September 9, 2015

Considerations When Purchasing A Dental Practice

After spending years in dental school and perhaps working for some time as an associate in another practice, you are finally ready to purchase your own practice.  Buying a practice is, for many dentists, the most important decision of their careers, and it can be an intimidating task to take the necessary steps to successfully transition from graduate or associate to owner.

Oftentimes, the most daunting part of such a transition is simply determining, as a practical matter, where to begin.  Naturally, you should always consult with an experienced attorney and accountant before purchasing a practice.  Once you have secured advisors to safeguard your interests throughout the transaction, you should remain actively engaged in the process.  To that end, here are seven key considerations to keep in mind when purchasing your own practice.

  1. Obtain a practice appraisal from an experienced professional.

While a practice’s annual gross may provide a rough, ballpark estimate of a practice’s value, a practice’s gross earnings are merely one aspect of the practice’s financial state.  Consequently, you should always conduct an in-depth analysis of a practice’s value before making an offer.

When choosing an appraiser, look for one who is experienced with the type of practice you are buying, and who understands the importance of factors like cash flow, overhead expense, payment source (e.g. fee for service, PPO, HMO or Medicaid) and patient base.  The appraiser should be able to offer several valuation approaches and help you decide which one is the best approach to use in evaluating the right price for the practice you want to buy.

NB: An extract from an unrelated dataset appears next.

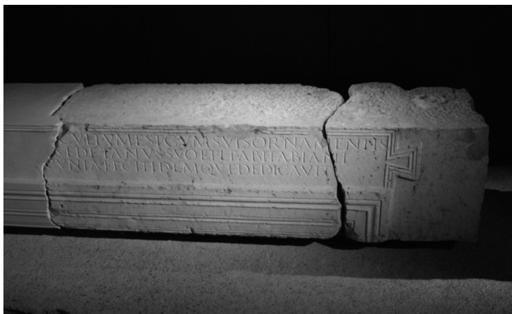
Fig. 4. Dintel fracturado, tal vez perteneciente al aedes Augusti.

autores se trataría de un templo consagrado a las Ninfas y los dedicantes serían un personaje de procedencia edetana llamado L. Fabius (...) y su hijo L. Fabius Fabianus , quienes lo habrían construido en una muestra de munificencia posiblemente dirigida a su promoción social en Valentia . Aunque la propuesta resulta sugerente, la extensión de la parte restituida del texto es claramente excesiva y la atribución a las Ninfas no encuentra justificación. La datación del monumento en época flavia encaja bien con el momento de construcción del fórum de la ciudad.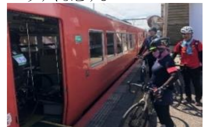
▲サイクリストが列車に乗車

  1. Review and understand the lease.

If the current owner is leasing the property/practice space, it is essential to understand what the lease term is, when it expires, whether it is assignable, whether there are options to extend, whether it is triple net, and what the common area maintenance (CAM) charges are.  You would not want to spend hundreds of thousands of dollars on a practice, only to find that the practice’s lease expires in only a year or two.  If (as is often the case) the lease is not drafted in an easy to understand, straightforward manner, an experienced attorney can help you determine whether there are any provisions of the lease that present cause for concern.

  1. Consider the age of the equipment and the condition of the office space.

 

Practice renovations and equipment upgrades can be extremely expensive and time consuming.  When determining whether to buy a practice, or how much to offer for a practice, consider whether you stand to inherit costly projects, such as replacing the chairs, purchasing an E4D or Cerec, or refurbishing the reception area.  If renovations or updates are needed, be sure to acquire quotes from equipment suppliers and contractors and incorporate those costs into your negotiations.

  1. Obtain detailed production information from the seller.

You should review and analyze the selling doctor’s CDT codes and billing records to understand the types of procedures the practice was performing, the volume of patients and the revenue generated by each procedure.  This critical information will likely be considered by the appraiser who is valuing the practice, but you should review it with your accountant and attorney as well so that you have a solid understanding of the history of the practice and the expectations of the practice’s clientele.

  1. Evaluate the practice’s potential for expansion.

Once you have acquired and reviewed the practice’s CDT codes and billing records, you should consider whether it would be profitable to offer additional services to boost revenue and draw in new customers.  For example, if the previous dentist did not perform cosmetic dentistry and you are trained in those types of procedures, the potential for expansion may be a major factor when deciding whether to purchase the practice.

  1. Make sure you are adequately insured, and be sure to consider the cost of insurance.

Buying a practice is a significant investment, and you need to make sure that your investment is protected.  If you do not already have disability insurance, you should seriously consider purchasing a disability insurance policy.  Roughly half of all practicing dentists will have some sort of health issue at some point in their career that will either cause them to reduce their hours or be unable to work for an extended period of time.

You should also review the scope of your general liability policy.  Many general liability policies exclude coverage for certain weather-related losses like floods, and most exclude coverage for employment practices.  You may need to purchase additional riders or policies to make sure you are adequately protected.  The cost of purchasing insurance, and any additional riders, should be taken into account when estimating the potential profitability of the practice.

  1. Consider the location.

Find out whether the practice has engaged in any previous marketing or targeted a particular region or demographic.  If the practice’s marketing history is minimal or nonexistent, there may be potential for growth of the practice.

You should also research the demographics of the area surrounding the office location to determine income, density, and competition from other doctors.  You will want to confirm that there will be enough patients in the area for your practice to grow.

While this is not an exhaustive list of the issues you should consider when purchasing a practice, it can serve as a starting point.  Every practice is different, and therefore every practice transition will necessarily involve unique opportunities and challenges.  An experienced attorney can help you familiarize yourself with the various stages of this important process, and ensure that your interests are protected as you make the transition from graduate or associate to owner.